# Eva-Maria Westbroek - share your opinions on her!



## Moscow-Mahler (Jul 8, 2010)

She is a rising star... I hope to visit Munich to hear "Ariadne auf Naxos" with her next summer... 

Have you ever heard her life?


----------



## guythegreg (Jun 15, 2012)

No, but she's doing Francesca in Francesca da Rimini at the Met in March ... I'll hear her then


----------



## sospiro (Apr 3, 2010)

Moscow-Mahler said:


> She is a rising star... I hope to visit Munich to hear "Ariadne auf Naxos" with her next summer...
> 
> Have you ever heard her live?


Yes. She sang Dido in the recent _Les Troyens_ at ROH. Not a huge voice but sensitive & lovely throughout the range. She paced herself intelligently & I thought she was utterly fabulous.


----------



## mamascarlatti (Sep 23, 2009)

sospiro said:


> Yes. She sang Dido in the recent _Les Troyens_ at ROH. Not a huge voice but sensitive & lovely throughout the range. She paced herself intelligently & I thought she was utterly fabulous.

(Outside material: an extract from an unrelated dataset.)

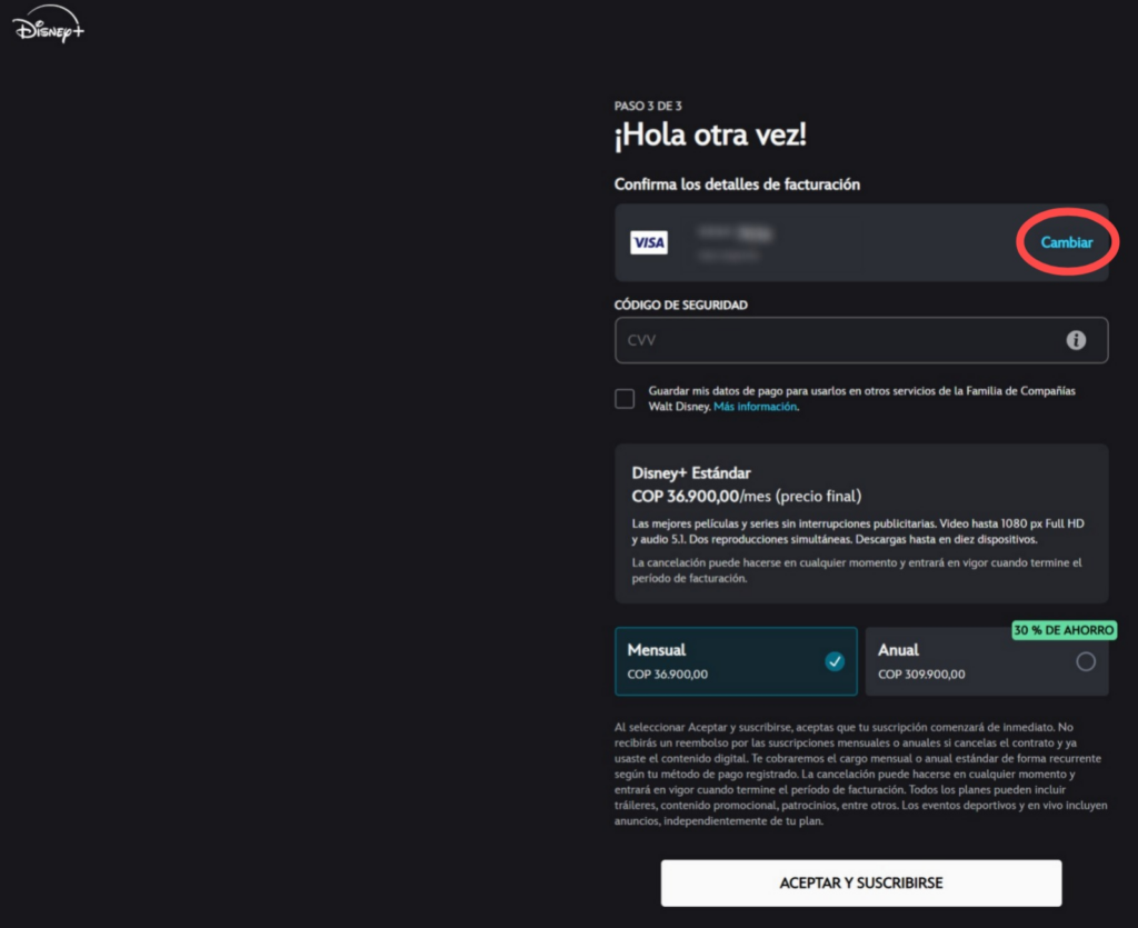 Paso 1 para pagar Disney+ con Vita Card

What Annie said. I was there too.

And she seems like a generous and genuine kind of girl, and a versatile performer, judging from performances and interviews on the DVDs I've got of her, all of which I like.


----------



## Aksel (Dec 3, 2010)

That Fanciulla is really good! I absolutely adore her voice.


----------



## emiellucifuge (May 26, 2009)

I was in the theater for that Fanciulla, can agree with all Sospiro said.


----------



## Moscow-Mahler (Jul 8, 2010)

Thnak you all for interesting answers!


----------